# Information given
◇ ◇ ◇ ◇

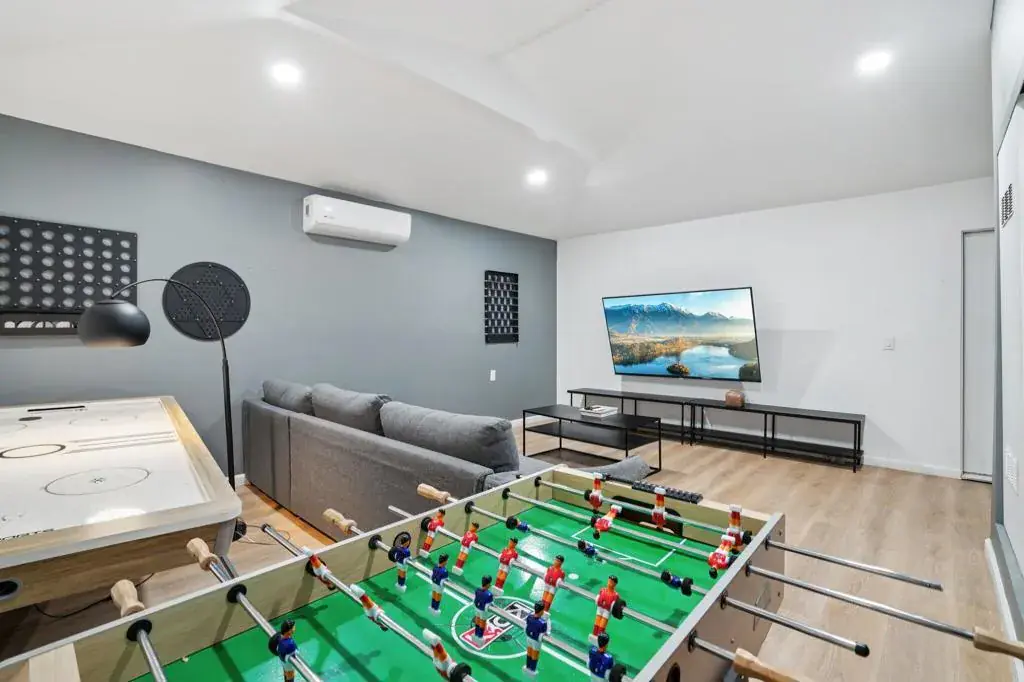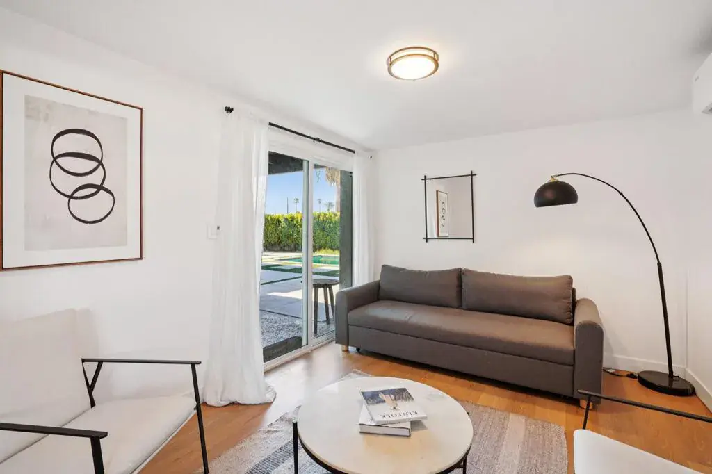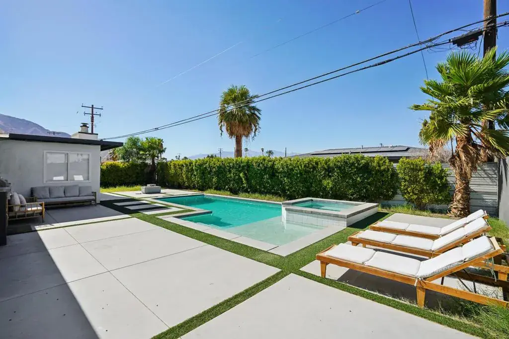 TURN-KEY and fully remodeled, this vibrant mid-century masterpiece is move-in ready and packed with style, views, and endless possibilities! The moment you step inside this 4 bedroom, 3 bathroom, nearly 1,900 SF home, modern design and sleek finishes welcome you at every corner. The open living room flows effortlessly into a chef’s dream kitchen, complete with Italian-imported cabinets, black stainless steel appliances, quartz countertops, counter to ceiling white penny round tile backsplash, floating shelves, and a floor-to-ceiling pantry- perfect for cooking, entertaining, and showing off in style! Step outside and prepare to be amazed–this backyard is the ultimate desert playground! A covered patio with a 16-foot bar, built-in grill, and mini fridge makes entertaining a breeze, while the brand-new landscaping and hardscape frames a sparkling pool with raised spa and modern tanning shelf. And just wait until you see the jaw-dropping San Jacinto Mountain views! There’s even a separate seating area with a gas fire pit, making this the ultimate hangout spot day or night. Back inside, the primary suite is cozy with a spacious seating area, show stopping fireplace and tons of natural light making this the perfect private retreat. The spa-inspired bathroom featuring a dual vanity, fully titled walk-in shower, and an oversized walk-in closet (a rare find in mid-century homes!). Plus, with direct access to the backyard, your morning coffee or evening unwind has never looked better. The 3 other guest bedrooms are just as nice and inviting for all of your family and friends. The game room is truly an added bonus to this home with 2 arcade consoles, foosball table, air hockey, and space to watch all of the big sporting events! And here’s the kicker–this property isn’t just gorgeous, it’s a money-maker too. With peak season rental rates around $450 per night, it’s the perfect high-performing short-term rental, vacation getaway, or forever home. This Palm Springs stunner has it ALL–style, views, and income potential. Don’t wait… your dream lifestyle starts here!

◇ ◇ ◇ ◇

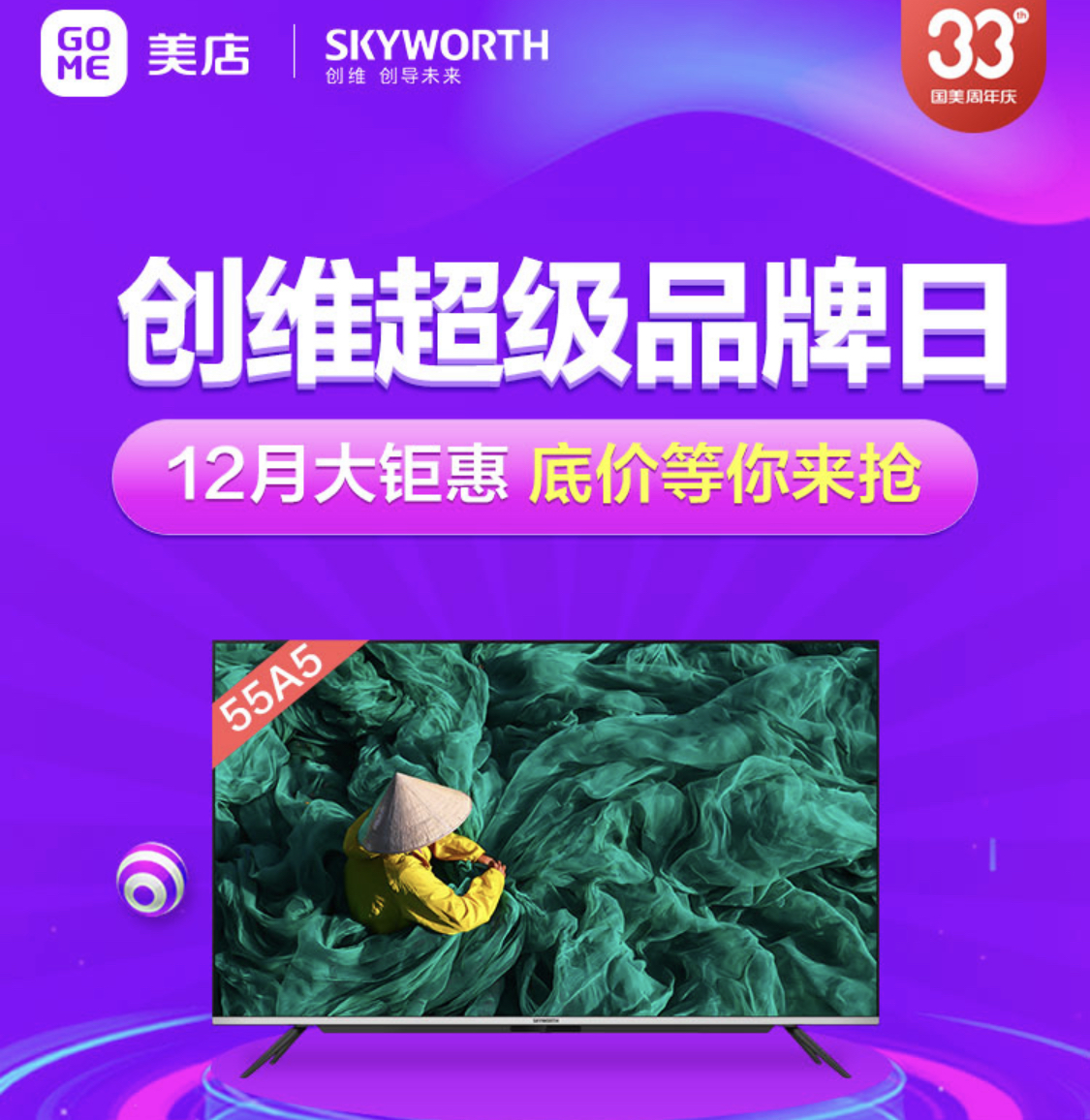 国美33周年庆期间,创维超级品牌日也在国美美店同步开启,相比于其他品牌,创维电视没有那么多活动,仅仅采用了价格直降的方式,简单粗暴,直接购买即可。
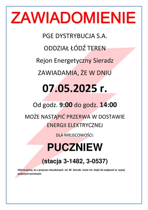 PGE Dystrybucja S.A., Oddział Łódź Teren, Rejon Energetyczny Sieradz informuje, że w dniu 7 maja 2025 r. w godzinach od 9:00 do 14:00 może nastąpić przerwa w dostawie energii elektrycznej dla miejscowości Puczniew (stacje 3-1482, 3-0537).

◇ ◇ ◇ ◇

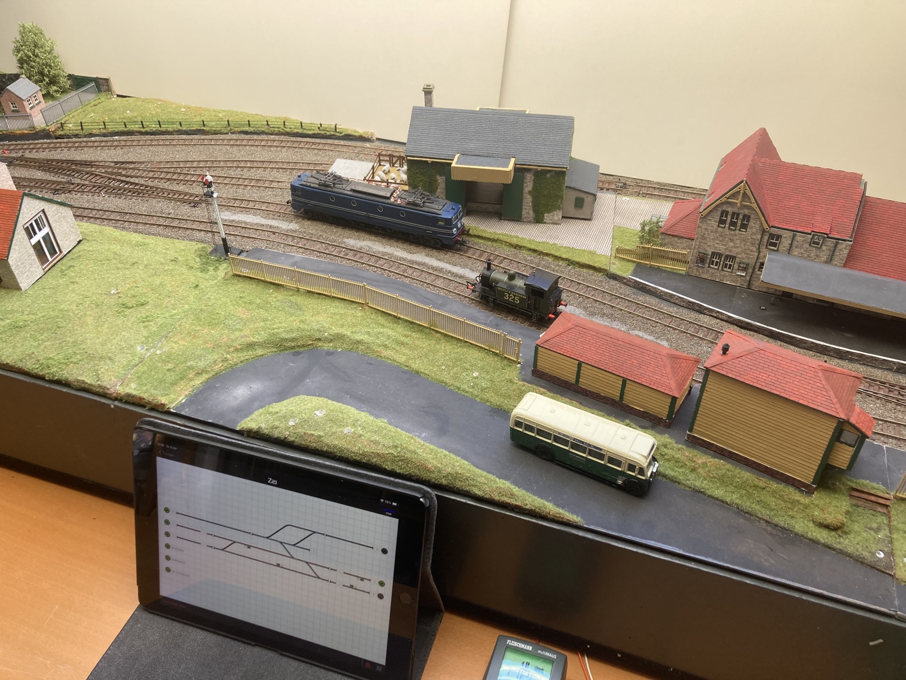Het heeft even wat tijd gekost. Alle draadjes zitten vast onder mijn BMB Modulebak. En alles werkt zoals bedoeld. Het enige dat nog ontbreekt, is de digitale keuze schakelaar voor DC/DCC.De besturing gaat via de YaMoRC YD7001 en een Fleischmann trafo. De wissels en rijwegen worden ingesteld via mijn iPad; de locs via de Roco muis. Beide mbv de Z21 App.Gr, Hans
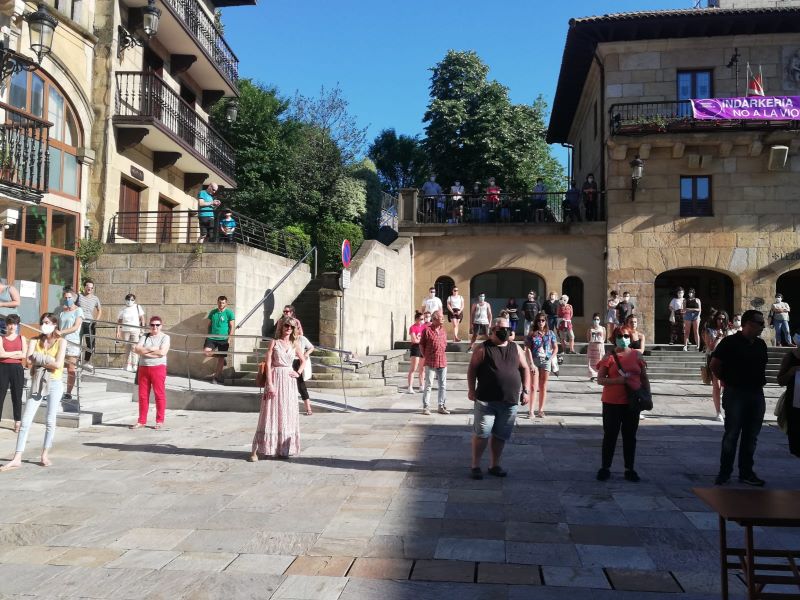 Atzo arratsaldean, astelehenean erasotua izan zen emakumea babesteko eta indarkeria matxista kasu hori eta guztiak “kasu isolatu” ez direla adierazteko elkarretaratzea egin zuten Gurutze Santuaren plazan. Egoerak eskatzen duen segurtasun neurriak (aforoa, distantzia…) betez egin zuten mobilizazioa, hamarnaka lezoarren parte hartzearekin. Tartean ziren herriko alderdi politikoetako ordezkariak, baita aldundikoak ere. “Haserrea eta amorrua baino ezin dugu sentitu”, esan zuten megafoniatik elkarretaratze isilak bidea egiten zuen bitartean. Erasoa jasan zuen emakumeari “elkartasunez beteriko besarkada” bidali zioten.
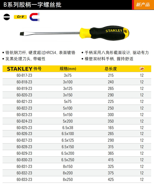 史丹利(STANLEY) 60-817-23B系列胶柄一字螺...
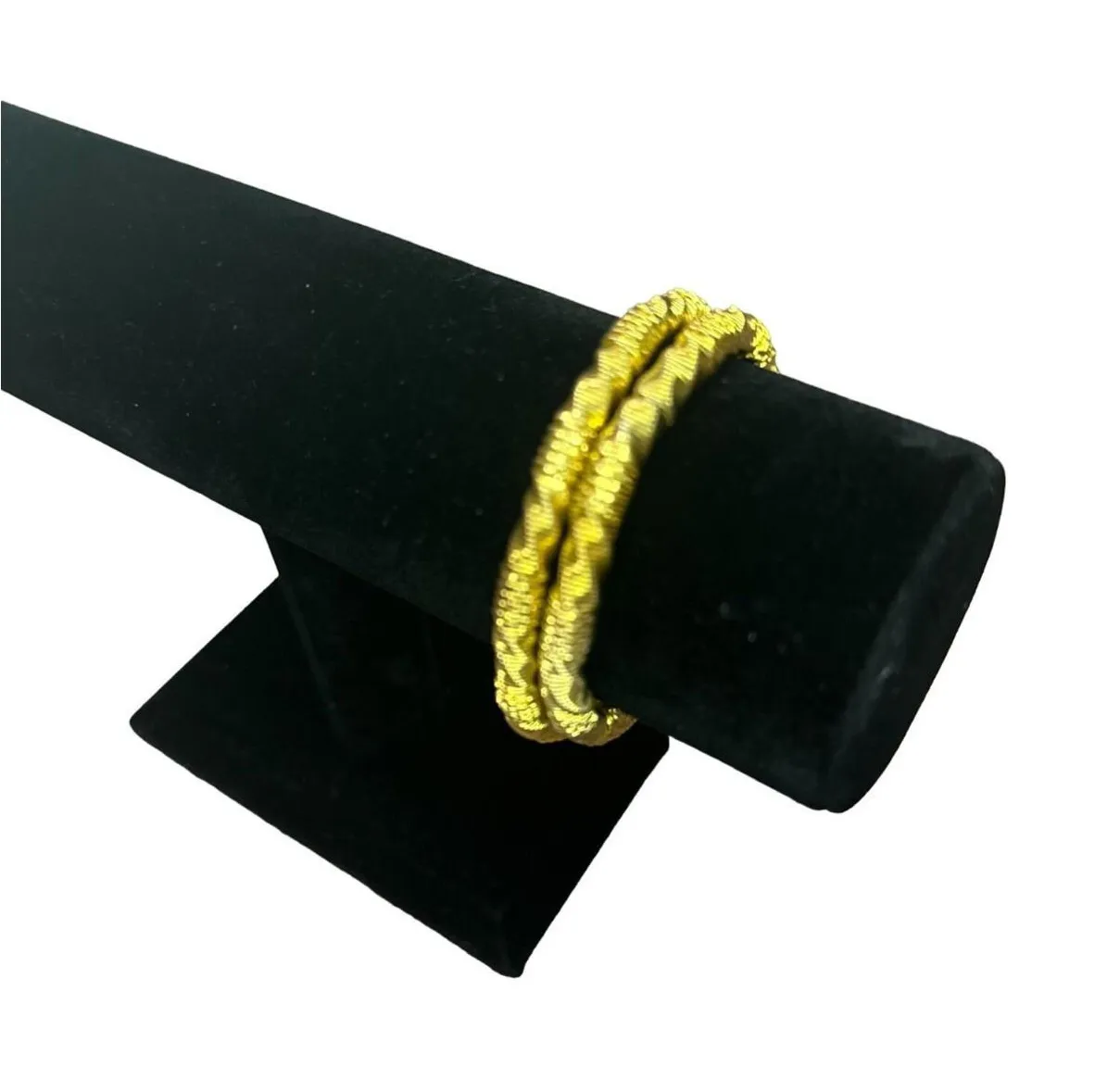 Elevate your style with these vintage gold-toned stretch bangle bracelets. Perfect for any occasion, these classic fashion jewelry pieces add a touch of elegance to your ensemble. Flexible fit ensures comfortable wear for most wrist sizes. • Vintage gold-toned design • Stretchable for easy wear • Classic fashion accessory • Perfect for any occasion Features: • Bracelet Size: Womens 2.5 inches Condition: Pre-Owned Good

◇ ◇ ◇ ◇

# Problem to work on
Look above for the line with "Atzo arratsaldean, astelehenean" and the line with "Elevate your style", then copy them and all lines in between exactly as written, and only those, without any pictures.

# Written answer
 Atzo arratsaldean, astelehenean erasotua izan zen emakumea babesteko eta indarkeria matxista kasu hori eta guztiak “kasu isolatu” ez direla adierazteko elkarretaratzea egin zuten Gurutze Santuaren plazan. Egoerak eskatzen duen segurtasun neurriak (aforoa, distantzia…) betez egin zuten mobilizazioa, hamarnaka lezoarren parte hartzearekin. Tartean ziren herriko alderdi politikoetako ordezkariak, baita aldundikoak ere. “Haserrea eta amorrua baino ezin dugu sentitu”, esan zuten megafoniatik elkarretaratze isilak bidea egiten zuen bitartean. Erasoa jasan zuen emakumeari “elkartasunez beteriko besarkada” bidali zioten.
 史丹利(STANLEY) 60-817-23B系列胶柄一字螺...
 Elevate your style with these vintage gold-toned stretch bangle bracelets. Perfect for any occasion, these classic fashion jewelry pieces add a touch of elegance to your ensemble. Flexible fit ensures comfortable wear for most wrist sizes. • Vintage gold-toned design • Stretchable for easy wear • Classic fashion accessory • Perfect for any occasion Features: • Bracelet Size: Womens 2.5 inches Condition: Pre-Owned Good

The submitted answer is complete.